__DIRECTIONS FOR THIS TASK__
A line below contains "Soğuk havaya rağmen", and a later one contains "不同的光源發(fā)射出特定". Repeat both, with every line between them, exactly.

__GIVEN INFORMATION__
━━━━━━━━━━━━━━━━━━━━
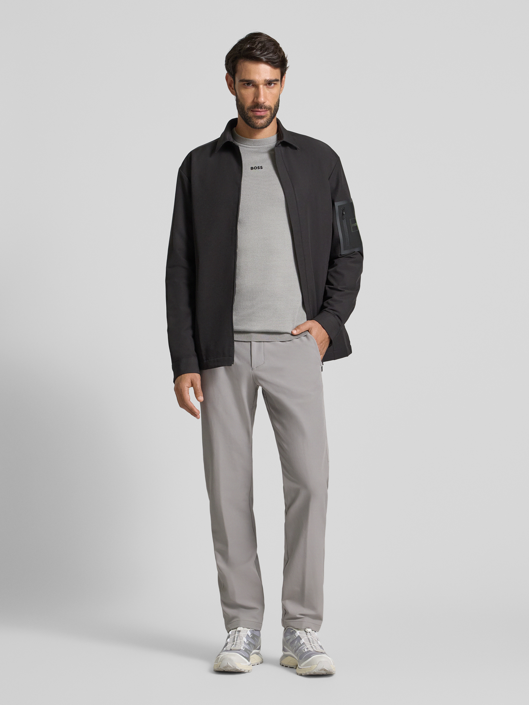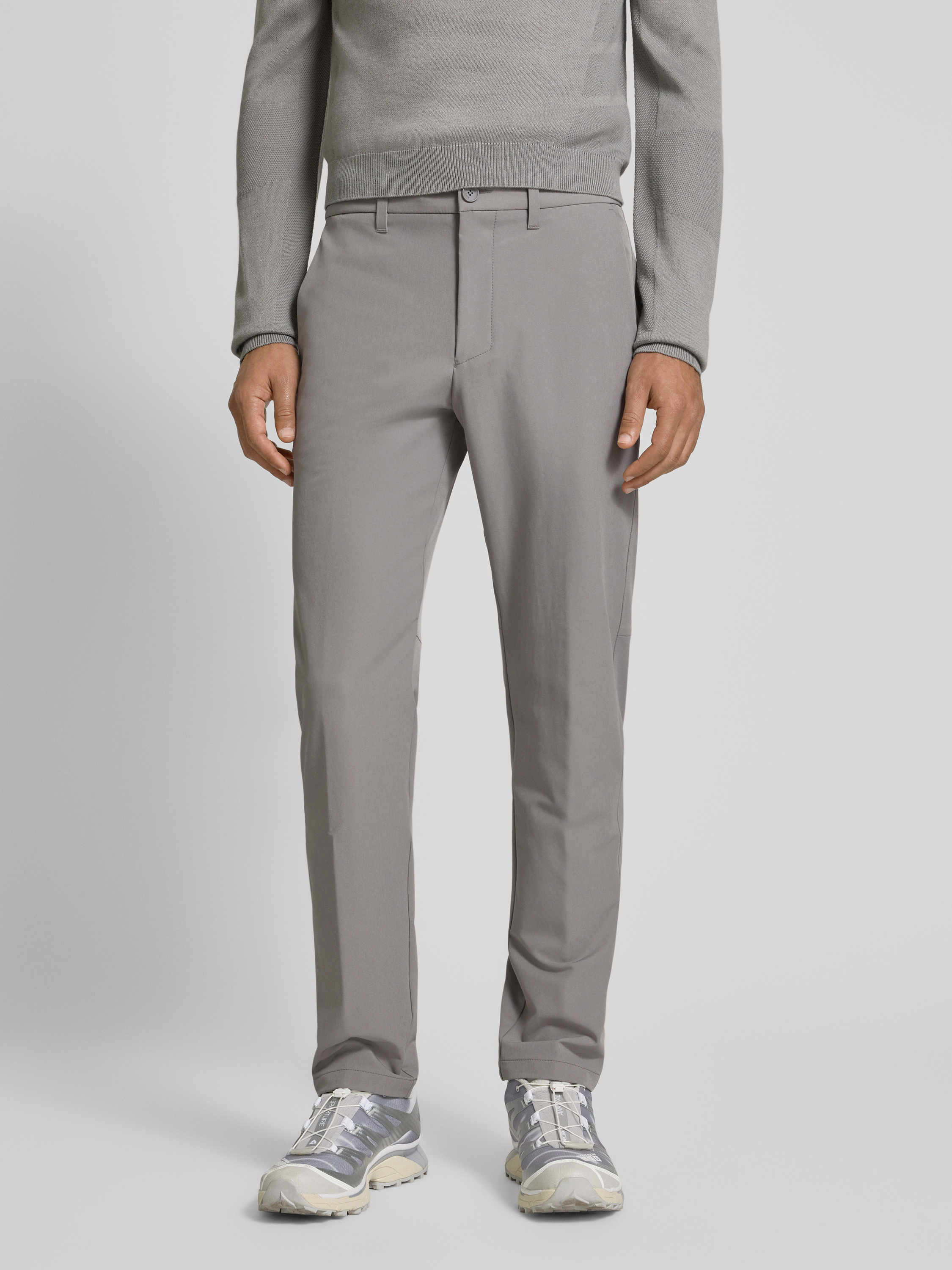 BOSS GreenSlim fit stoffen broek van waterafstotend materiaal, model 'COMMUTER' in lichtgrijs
━━━━━━━━━━━━━━━━━━━━
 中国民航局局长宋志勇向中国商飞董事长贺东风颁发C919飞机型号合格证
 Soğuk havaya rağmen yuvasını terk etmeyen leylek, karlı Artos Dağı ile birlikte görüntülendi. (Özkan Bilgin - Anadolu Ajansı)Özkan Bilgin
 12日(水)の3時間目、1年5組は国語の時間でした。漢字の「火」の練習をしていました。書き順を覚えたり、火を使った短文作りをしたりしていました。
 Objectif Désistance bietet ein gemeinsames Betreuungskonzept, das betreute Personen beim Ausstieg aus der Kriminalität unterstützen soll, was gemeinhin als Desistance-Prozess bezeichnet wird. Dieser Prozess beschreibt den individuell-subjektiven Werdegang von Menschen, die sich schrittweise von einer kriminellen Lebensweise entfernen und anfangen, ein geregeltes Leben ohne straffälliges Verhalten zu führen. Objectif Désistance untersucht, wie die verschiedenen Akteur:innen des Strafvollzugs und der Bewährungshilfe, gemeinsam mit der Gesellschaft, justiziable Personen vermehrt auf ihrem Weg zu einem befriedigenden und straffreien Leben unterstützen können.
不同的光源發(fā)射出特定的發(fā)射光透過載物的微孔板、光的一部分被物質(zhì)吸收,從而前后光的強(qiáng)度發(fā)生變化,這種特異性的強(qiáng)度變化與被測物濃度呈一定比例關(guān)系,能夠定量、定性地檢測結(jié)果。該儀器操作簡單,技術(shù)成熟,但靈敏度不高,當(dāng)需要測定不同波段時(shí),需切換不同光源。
━━━━━━━━━━━━━━━━━━━━
__RESULT OF THE EXERCISE__
 Soğuk havaya rağmen yuvasını terk etmeyen leylek, karlı Artos Dağı ile birlikte görüntülendi. (Özkan Bilgin - Anadolu Ajansı)Özkan Bilgin
 12日(水)の3時間目、1年5組は国語の時間でした。漢字の「火」の練習をしていました。書き順を覚えたり、火を使った短文作りをしたりしていました。
 Objectif Désistance bietet ein gemeinsames Betreuungskonzept, das betreute Personen beim Ausstieg aus der Kriminalität unterstützen soll, was gemeinhin als Desistance-Prozess bezeichnet wird. Dieser Prozess beschreibt den individuell-subjektiven Werdegang von Menschen, die sich schrittweise von einer kriminellen Lebensweise entfernen und anfangen, ein geregeltes Leben ohne straffälliges Verhalten zu führen. Objectif Désistance untersucht, wie die verschiedenen Akteur:innen des Strafvollzugs und der Bewährungshilfe, gemeinsam mit der Gesellschaft, justiziable Personen vermehrt auf ihrem Weg zu einem befriedigenden und straffreien Leben unterstützen können.
不同的光源發(fā)射出特定的發(fā)射光透過載物的微孔板、光的一部分被物質(zhì)吸收,從而前后光的強(qiáng)度發(fā)生變化,這種特異性的強(qiáng)度變化與被測物濃度呈一定比例關(guān)系,能夠定量、定性地檢測結(jié)果。該儀器操作簡單,技術(shù)成熟,但靈敏度不高,當(dāng)需要測定不同波段時(shí),需切換不同光源。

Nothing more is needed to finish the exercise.